Secret testimony given by the original prosecutor in Roman Polanski's 33-year-old sex case will remain sealed, a judge ruled Monday.
Superior Court Judge Peter Espinoza, turning down a request from Polanski's lawyers to unseal transcripts, said there was only one circumstance in which the material would become public. That would be if Polanski returns to the United States for a hearing and the retired prosecutor, Roger Gunson, is unavailable to testify in person.
"We continue to be bogged down in the question of whether he will ever return," said Espinoza.
During a brief hearing, Espinoza presented lawyers with a tentative denial before hearing arguments.
Polanski attorney Chad Hummel tried to change his mind, saying the testimony was potentially crucial to proving Polanski's claim of misconduct by the now deceased judge in his case.
He argued that Swiss authorities should have the testimony to assist in their decision whether to extradite Polanski who is under house arrest in Geneva.
But the judge noted in a written ruling that Swiss Justice Ministry officials aid the transcripts "are irrelevant for the extradition proceedings."
The Academy Award-winning director pleaded guilty in 1977 to unlawful sex with a 13-year-old girl but fled to France in 1978 when the now-deceased judge in the case suggested in private remarks that he would renege on a plea bargain and sentencing agreement.

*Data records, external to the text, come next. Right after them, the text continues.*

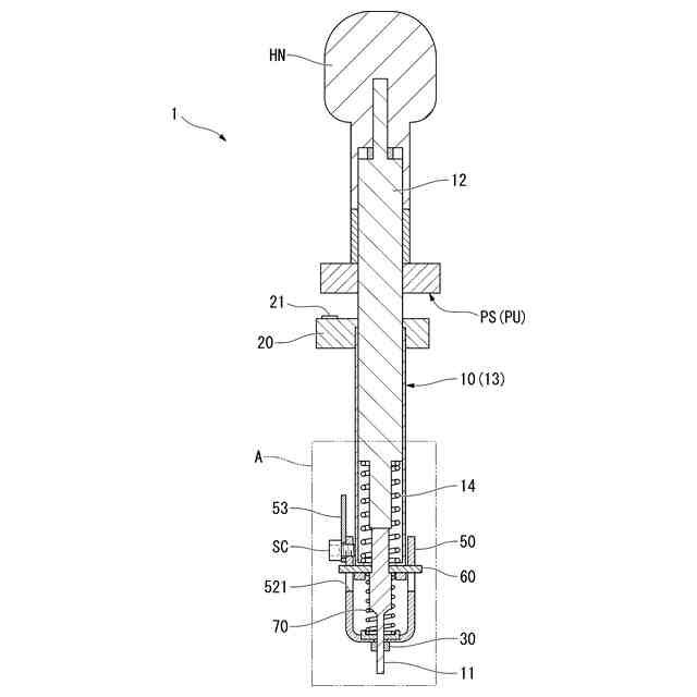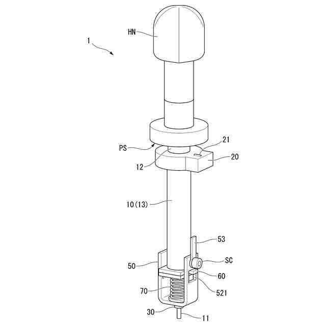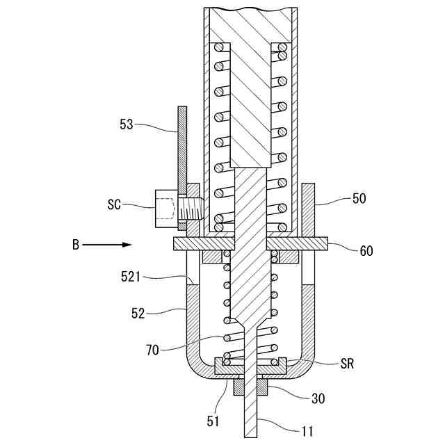 前記ストッパと、前記突出部と、の間に配置され、前記突出部から押圧を受ける圧縮コイルばねと、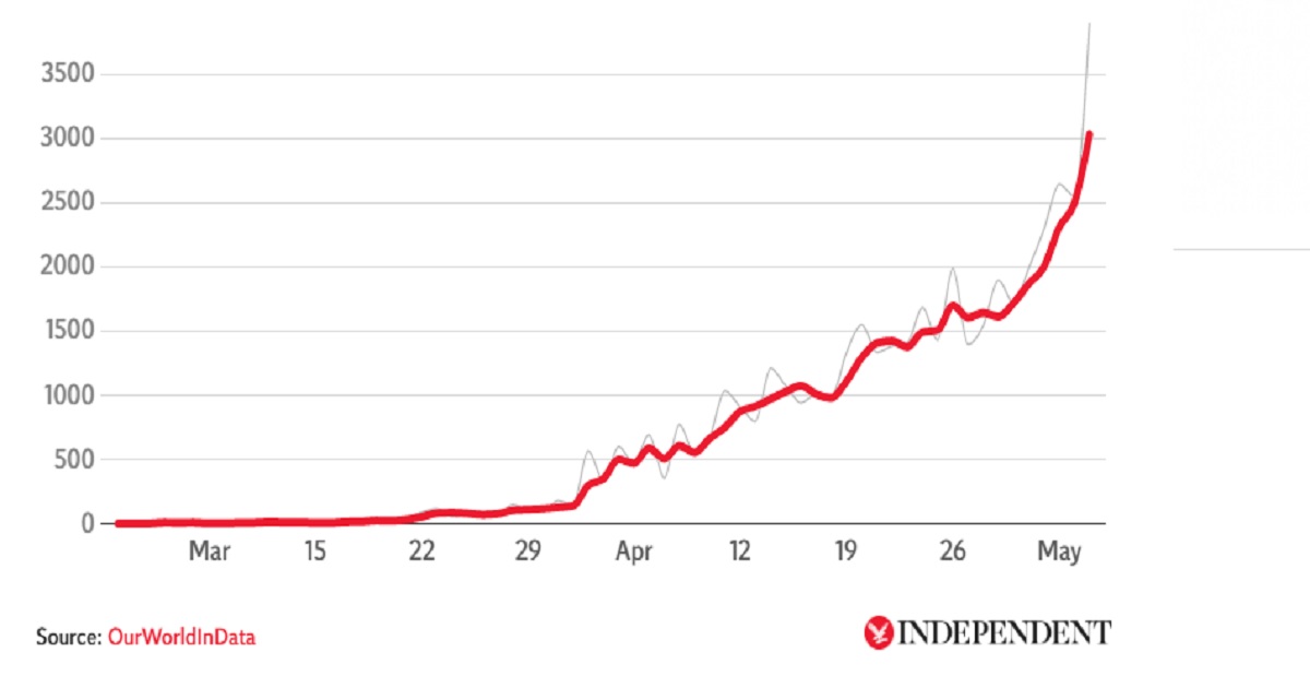 Некои земји можеби сè уште не го достигнале својот врв, Индија бележи удвојување на новите дневни случаи помеѓу 1 и 5 мај.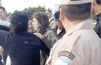 La ministra de escapó rodeada por efectivos de la Policía Federal y Prefectura en medio del griterío de los vecinos. Petri se mantuvo a prudente distancia, pero también recibió insultos.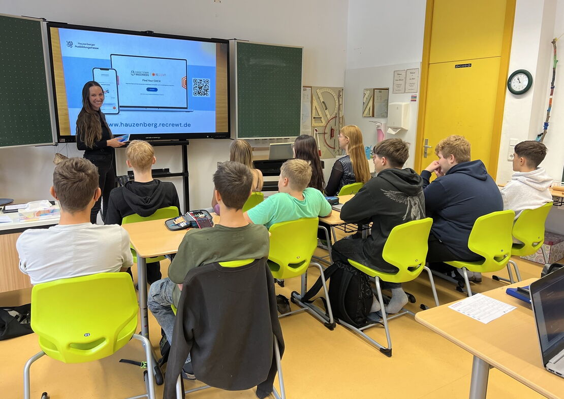 Damit wir uns auf der Ausbildungsmesse gut zurechtfinden, bekamen wir am Freitag, den 10. Oktober 2025, eine tolle Vorbereitung durch Bianca Kujath vom Recrewt-Team.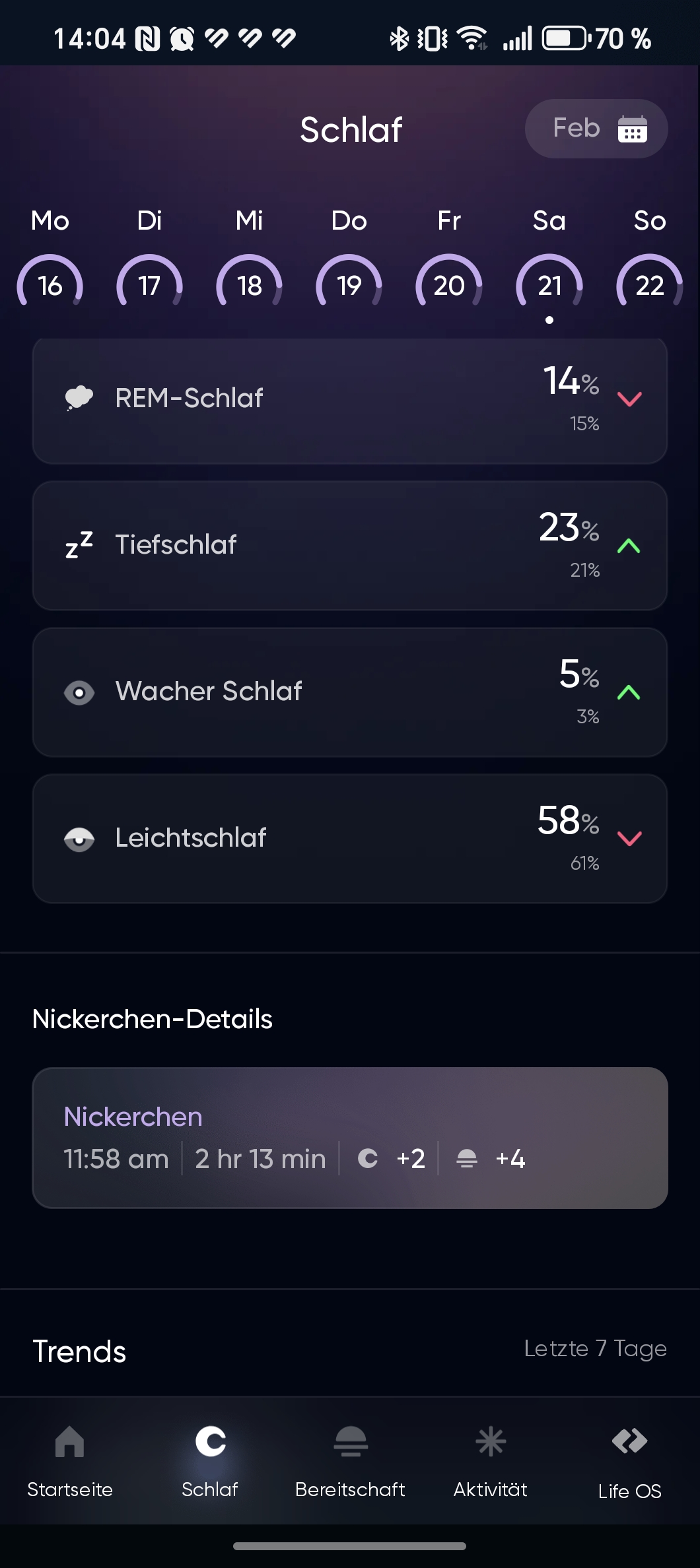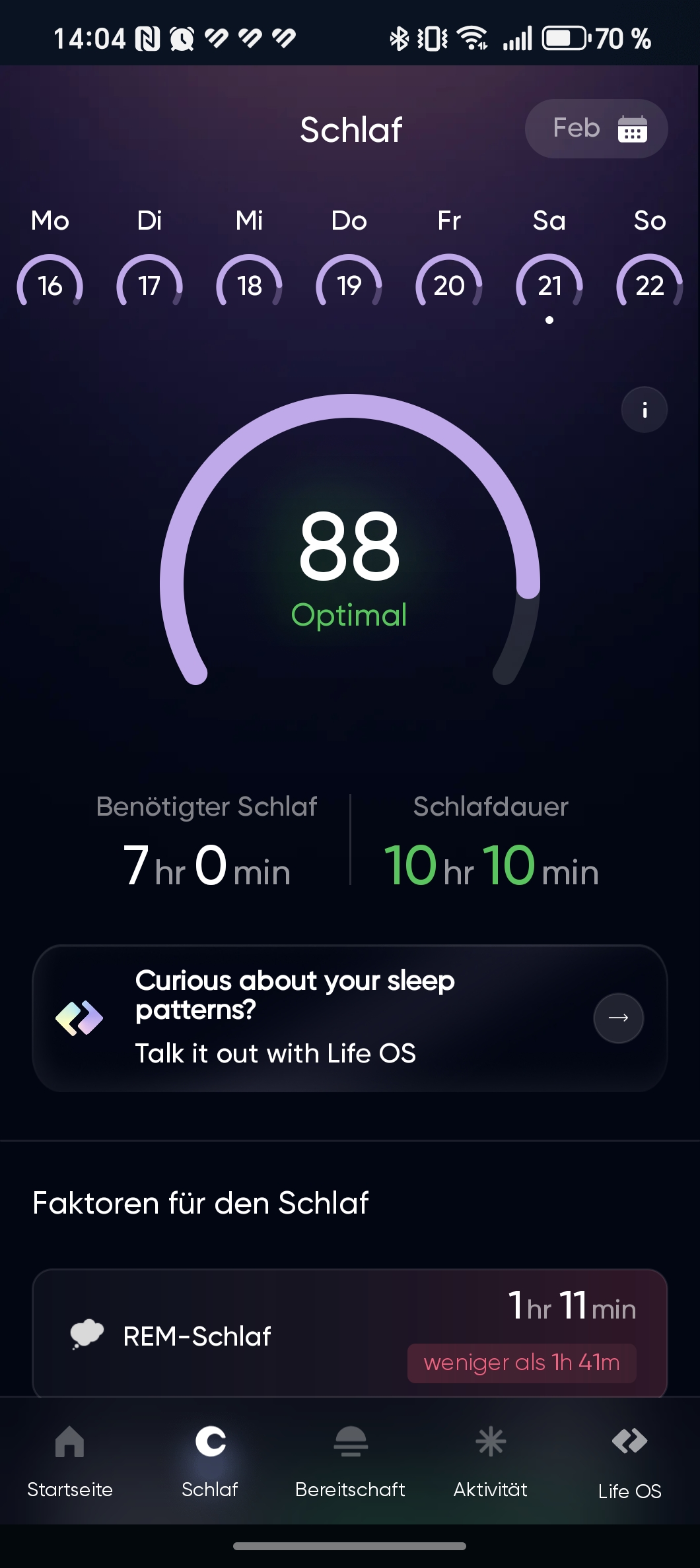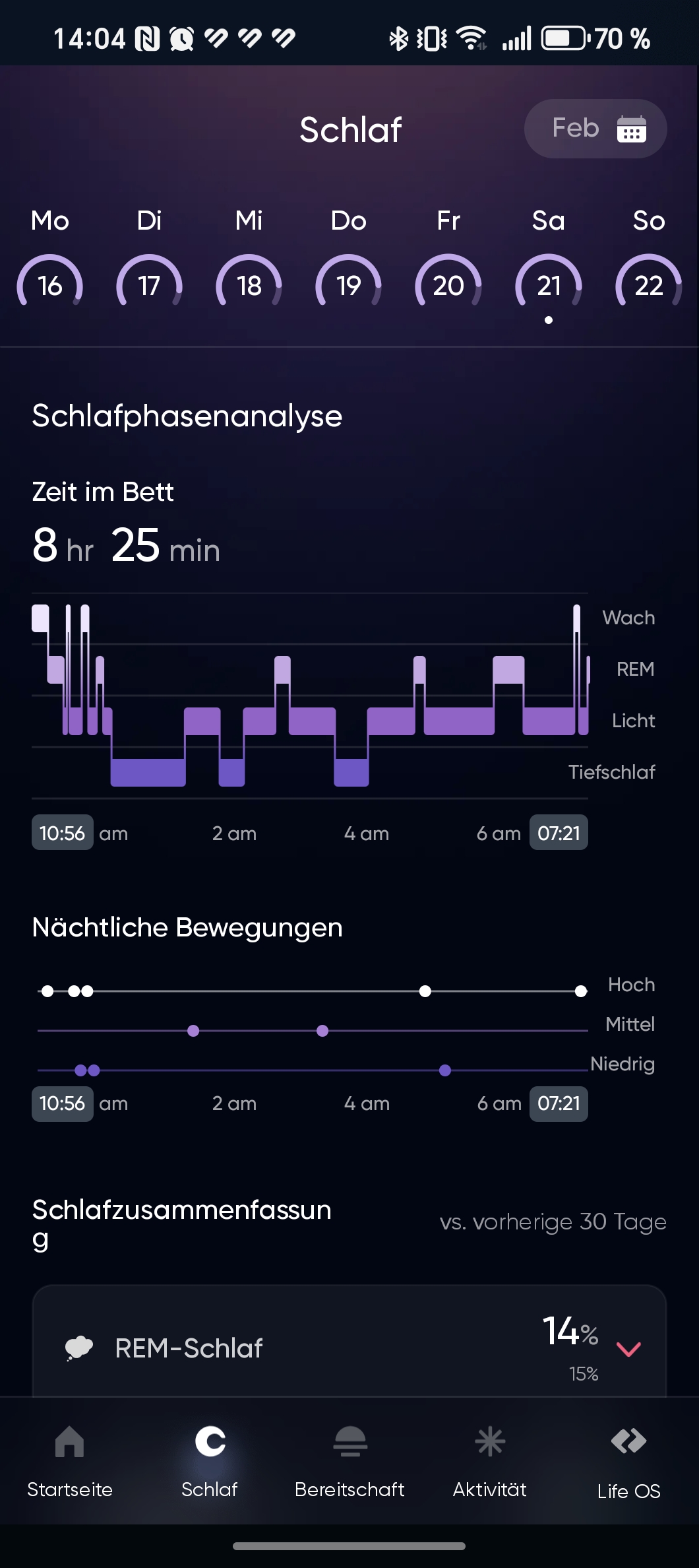 Die App analysiert den Schlaf und unterteilt ihn in die Phasen: leichter Schlaf, tiefer Schlaf und REM (Rapid Eye Movement). In der Praxis ließ die Genauigkeit allerdings zu wünschen übrig. Verglichen mit einer Smartwatch wie der Huawei Watch Fit 3 ermittelte der Ring deutlich längere Schlafzeiten – auch dann, wenn wir noch wach im Bett lagen oder gelesen haben. Diese Zeiten wurden fälschlicherweise bereits als Schlaf gewertet. Insgesamt fiel die Schlafanalyse für unseren Geschmack zu unpräzise aus.

Swiss authorities have not said when they will rule on the extradition filing. Polanski was arrested last September when he arrived in Switzerland to receive a lifetime achievement award at a film festival.
The "Chinatown" and "Rosemary's Baby" director remains under house arrest at his chalet in the Swiss resort of Gstaad. His lawyers are fighting for him to be sentenced in absentia without the need to return to Los Angeles.